Esse ano houve um dia de muita tristeza, quando Agnès Varda nos deixou a 29 de março aos 90 anos. Um dos nomes da Nouvelle Vague, Varda entrou com tudo nesse “Clube do Bolinha” e foi muito inovadora. Com uma alma de artista, ela transitou por diversos campos da arte além do cinema, sempre esbanjando uma criatividade e uma porralouquice para lá de sedutora. Apesar de ela ser multimídia e “atirar para todos os lados”, sua produção artística teve um desfecho, por assim dizer, cartesiano.
A diretora fez em seu último filme um balanço de sua trajetória. Praticamente um testamento, um legado de sua prolífica vida. Dói um pouco o coração quando a gente se lembra disso vendo o filme. Mas Varda era tão vivaz que logo nos esquecemos de qualquer tristeza e mergulhamos de cabeça em seu mundo, como se ela pegasse em nossas mãos e nos levasse até lá com uma leveza delicadíssima e um poder de persuasão infinito.
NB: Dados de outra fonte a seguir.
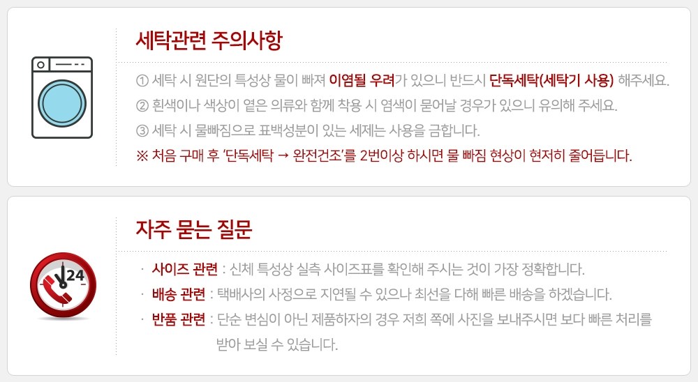 - ㆍ모니터 해상도의 차이로 인해 색상이나 이미지가 실제와 달라, 고객이 단순 변심으로 교환/반품을 무료로 요청하는 경우

É claro que o documentário tem como mote a sua produção cinematográfica. Lá, podemos ver Varda em vários períodos e filmes que produziu e de como esses filmes têm uma relação íntima com sua vida. Chama muito a atenção o seu filme que homenageava os cem anos do cinema (um retumbante fracasso de bilheteria), mas que reuniu megaestrelas como Catherine Deneuve, Robert de Niro, Alain Delon, Hanna Schygulla, Jeanne Moreau.
Dá para perceber como nossa homenageada aqui tinha lastro com os medalhões. Outro detalhe que chama a atenção foi a reciclagem de suas latas de filmes. Com a era digital, os filmes de 35 mm ficaram obsoletos e encostados. Varda então os usa como material para suas exposições de artes plásticas, onde o cinéfilo vai poder ter contato com os afetuosos fotogramas.
Ainda, Varda era também uma artista preocupada com o meio social em que vivia, e retratou as pessoas pobres que viviam da xepa das feiras, ou de pessoas que pegavam no campo batatas que eram descartadas por simplesmente estarem fora de padrões de mercado.
Ela, inclusive, fez obras de arte com essas batatas descartadas, o que levou a uma exposição onde ela mesma se fantasiava de batata (!!!). Ou seja, Varda sempre nos surpreende de uma forma positiva e engraçada. Por fim, seu filme com o fotógrafo JR, onde eles viajam pela França fazendo fotos gigantes de pessoas comuns, usando-as para ornamentar casas, prédios, galpões, dando visibilidade aos anônimos da sociedade.
Assim, “Varda por Agnès” é a chance que o cinéfilo mais devoto tem de se despedir dessa importante artista da Nouvelle Vague e um exemplo vibrante de vida. Uma artista original que atuou vividamente em vários campos da arte. Um programa imperdível. Agnès Varda vai fazer falta. E muito.